News, Views and Careers for All of Higher Education
Dec. 14, 2005
Last week, a student from Manhattan posted an ad on Craigslist that read, “Adderall XR. Anyone have any? Finals are coming up.”
According to the poster of the ad, several students have responded to the inquiry, offering to sell anywhere from 1 to 50 of the tablets in doses of 5- to 20-milligrams.
Come exam time, some students wouldn’t be caught dead looking online for something as mundane as a used couch or a new roommate. Instead, many are making mad-dash searches for illegal ways to stay awake, stay alert, and stay in good academic standing. Meanwhile, researchers have been slow to measure the newer aspects of this phenomenon.
“There is a high number of students on campus today with prescriptions, and we know, anecdotally, they are sharing them,” says Michael McNeil, who coordinates the Health Empowerment Office at Temple University and is a former staff member of the American College Health Association. “It makes good sense that this problem would increase around finals time, but national surveys don’t have hard numbers on this for the college population.”
McNeil notes that today’s students are some of the first to have grown up with regular access to medications to treat psychological disorders, while having access to technology that makes sharing their drugs easier.
And they’re taking advantage of both situations.
Many students are posting finals-related sale and purchase offers on online bulletin boards, in their personal blogs, and have made connections through facebook.com in search for a stimulant score.

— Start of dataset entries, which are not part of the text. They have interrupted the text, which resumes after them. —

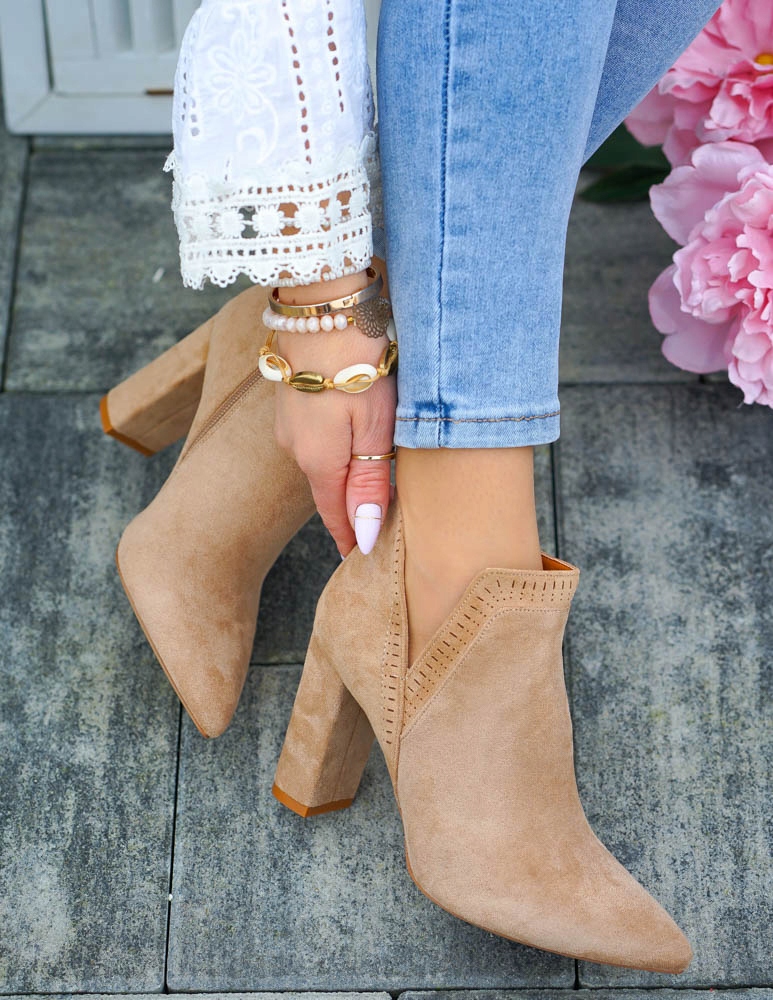 Элегантные женские ботильоны бежевого цвета (хаки). Туфли полностью изготовлены из мягкой эко-замши. Устойчивый широкий каблук обеспечивает комфорт при ношении, а вырез на щиколотке придает обуви уникальный вид. Верх имеет тонкий ажурный принт по краям.
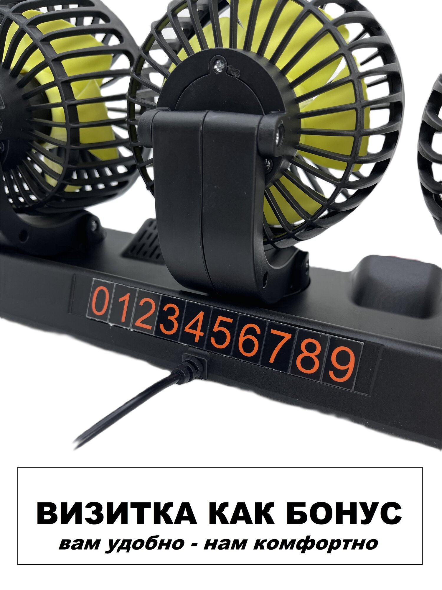 Вентилятор автомобильный USB 12V Тройной с поворотом и визиткой для телефона интересное:
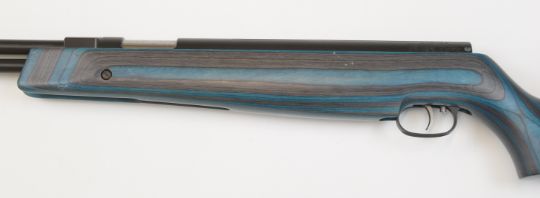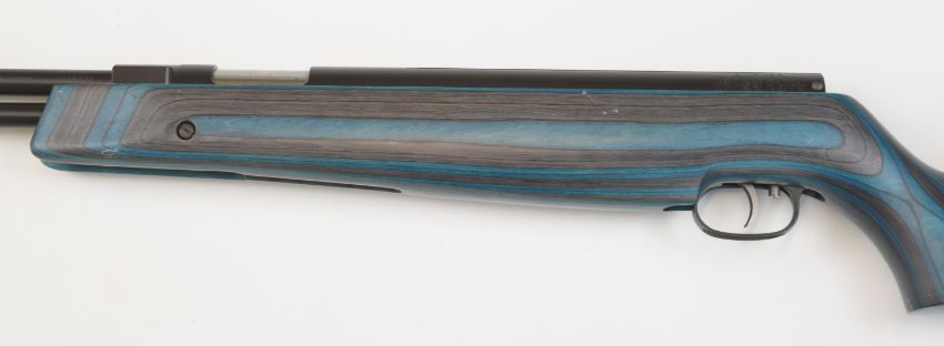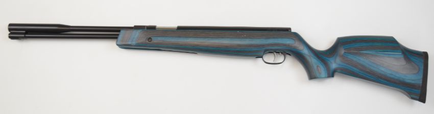 Weihrauch HW97K .177 underlever air rifle with blue laminated show wood stock, semi-pistol grip, raised cheek piece and adjustable trigger, serial number 2379932, with original tag.

Adderall, an amphetamine that helps people with attention deficit hyperactivity disorder to focus, has a stimulant effect on people without the disorder who take it. For those who take too much of the drug, heart palpitations, elevated blood pressure and psychotic episodes have been observed.
The Internet may have made illegal stimulant sharing somewhat easier (and more anonymous), but the phenomenon isn’t limited to the online world.
“Everyone knows at least one friend who has been diagnosed with ADD or ADHD,” says a soon-to-graduate marketing student at the University of Missouri at Columbia. “Three of my best friends are prescribed to Adderall. They never use Adderall as they are directed (daily or twice daily), so they always have extras. Most of the time, I’ll give them a few bucks for some pills or they will just give some for free.
“I use Adderall maybe once a month,” he says, noting that he’s taken the drug throughout his college experience. “Only when I have a really hard exam, or finals week, etc.”
This week, the student has used the drug to get through his last set of finals before graduation. He also says that some teacher assistants have “often mentioned it class that they have used Adderall to study.”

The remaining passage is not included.